NEW YORK, N.Y. – Dawn Lavell-Harvard, President of the Native Women’s Association of Canada, was invited to join the sixtieth session of the United Nations Commission on the Status of Women, which began March 14 and concludes on March 24, 2016 at UN headquarters in New York City.
“To be born Indigenous and female in a country like Canada means that we are born political,” said Harvard. “We recognize that Canada has the resources and the infrastructure now to lead the way in ending violence against Indigenous women and girls both domestically and internationally. Though decades of systemic oppression and abuse cannot be reversed overnight, the power of our women can wear away the strongest opposition if we are all united. Together, alongside our international partners, we will end violence against Indigenous women and girls.”

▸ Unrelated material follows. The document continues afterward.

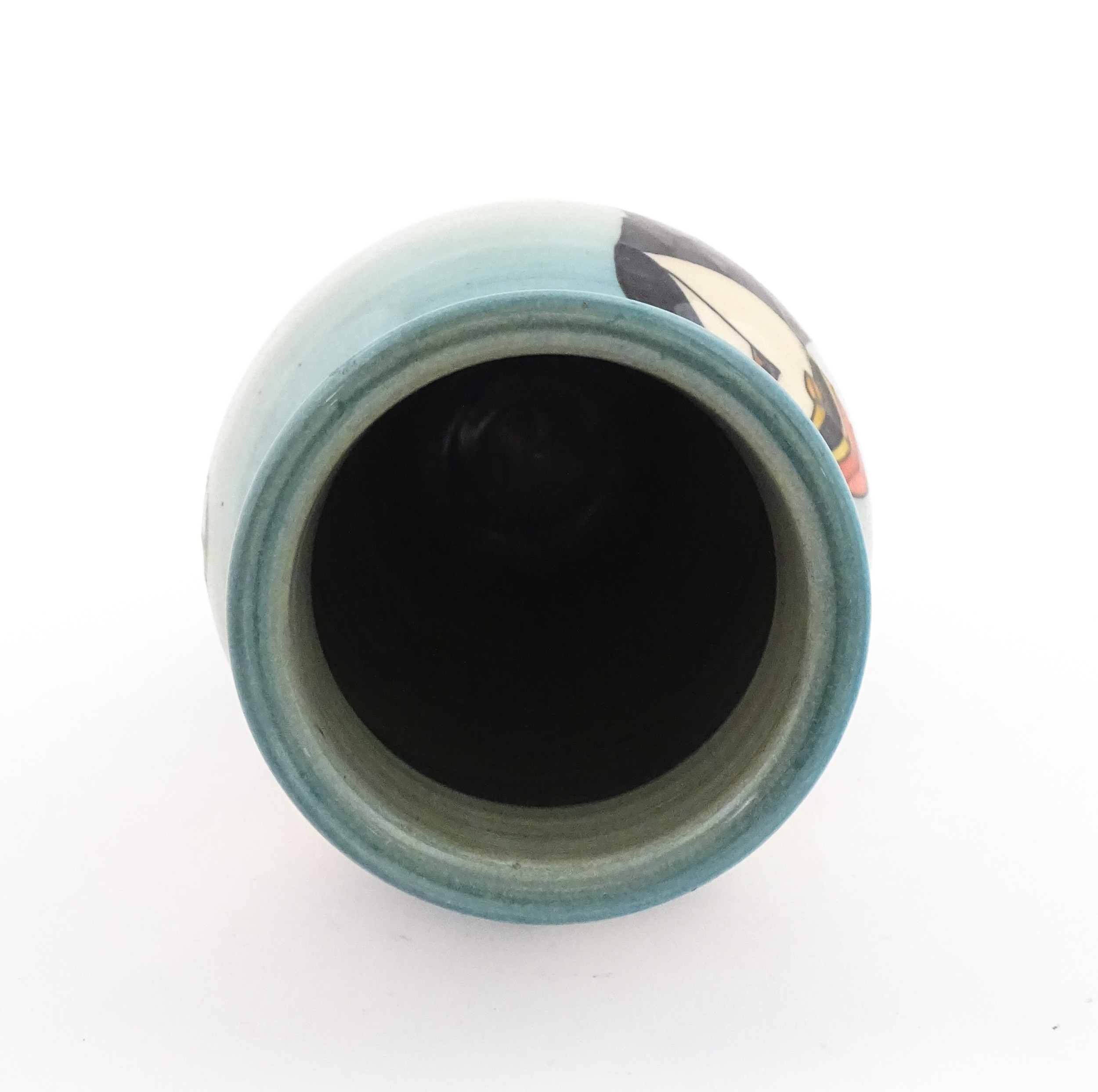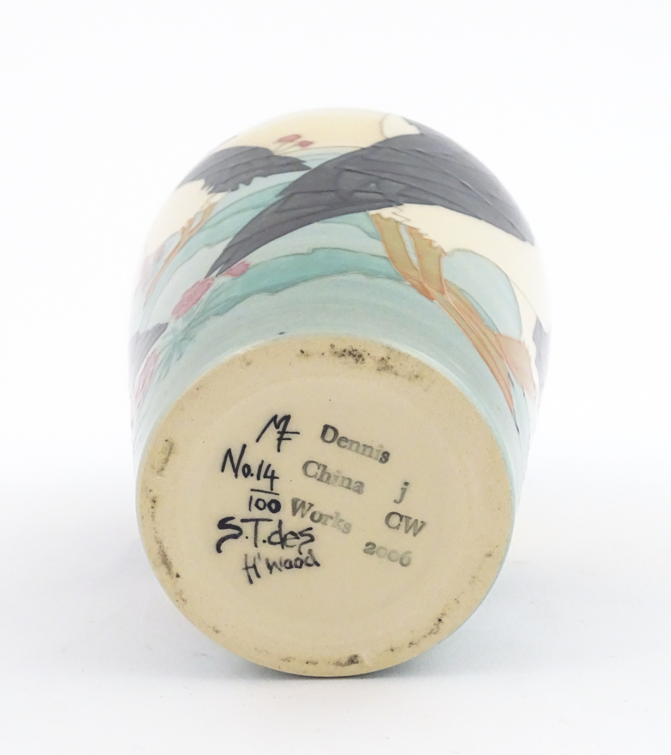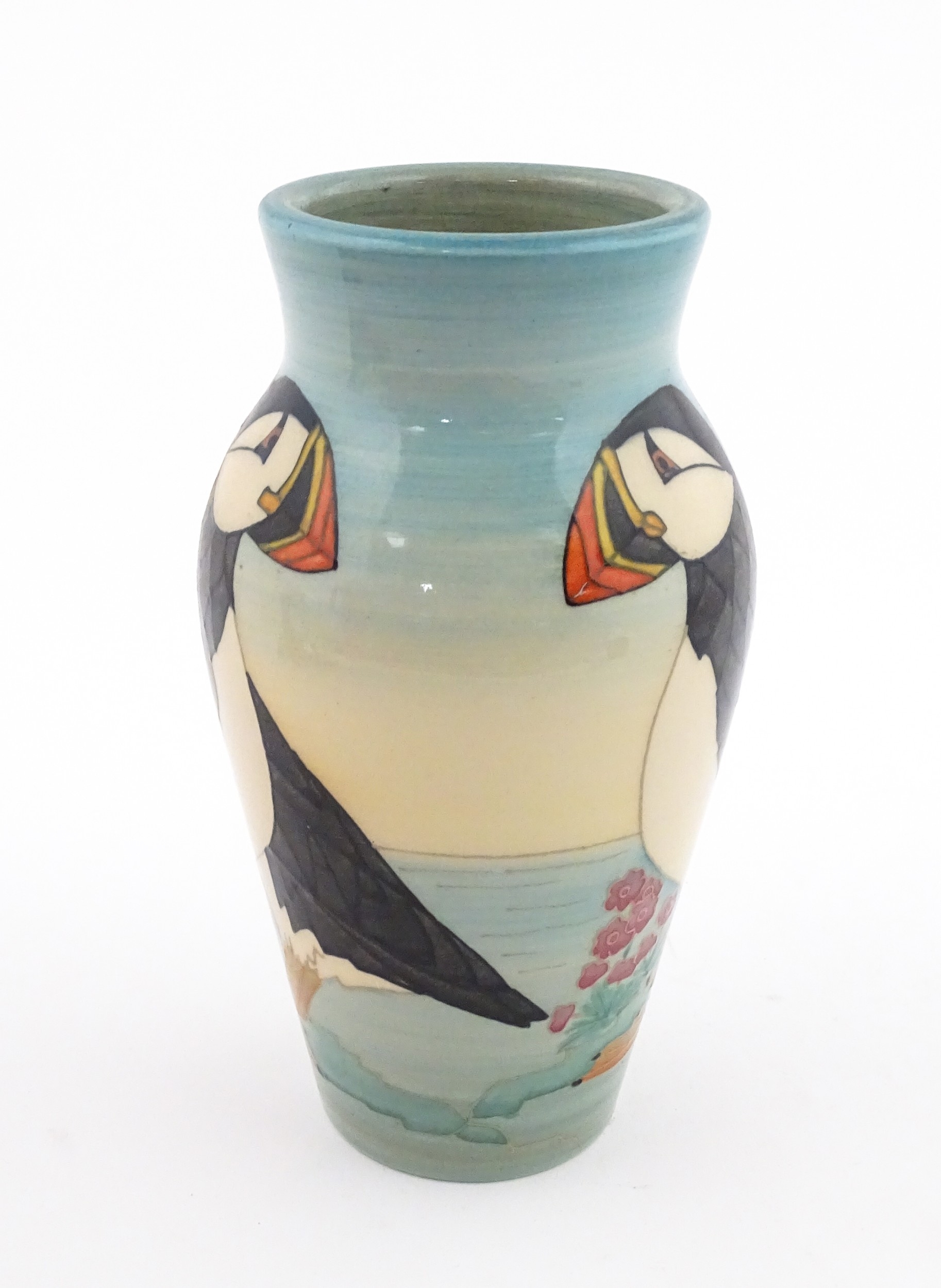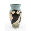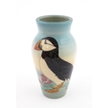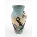 A Dennis China Works vase with puffin detail. Marked under no. 14 / 100. Approx. 8" high

Lavell-Harvard joined an esteemed panel of Indigenous women for a special side-event sponsored by Canada entitled Indigenous Women and Girls: Pathways to Equality. The purpose of this side-event was to examine the underlying factors that contribute to Indigenous women and girls’ abuse, including the longstanding impacts of colonialism, racism and sexism.
Lavell-Harvard’s fellow panelists for this event included Chandra Roy Henriksen, Chief of the Secretariat of the UN Permanent Forum on Indigenous Issues, Betty Lyons, President and Executive Director of the American Indian Law Alliance, and Mirna Cunningham Kain, former Chairperson of the UN Permanent Forum on Indigenous Issues. This panel was moderated by Canada’s Minister of Justice and Attorney General, Jody Wilson-Raybould.
Panelists spoke collectively to the ongoing need to provide holistic, Indigenous-led approaches to addressing the ongoing discrimination experienced by Indigenous women and girls, including violence and abuse.
Lavell-Harvard’s remarks explored the unique and complex plight of Indigenous women and girls in Canada, which, despite a new and promising government remains serious and demands action. Lavell-Harvard spoke to the grueling and multi-decade long grassroots effort on the part of the Native Women’s Association of Canada and other groups and individual activists from across Canada who worked tirelessly to draw the attention of the international community to the reality of missing and murdered Indigenous women –ultimately leading to the national inquiry, now underway.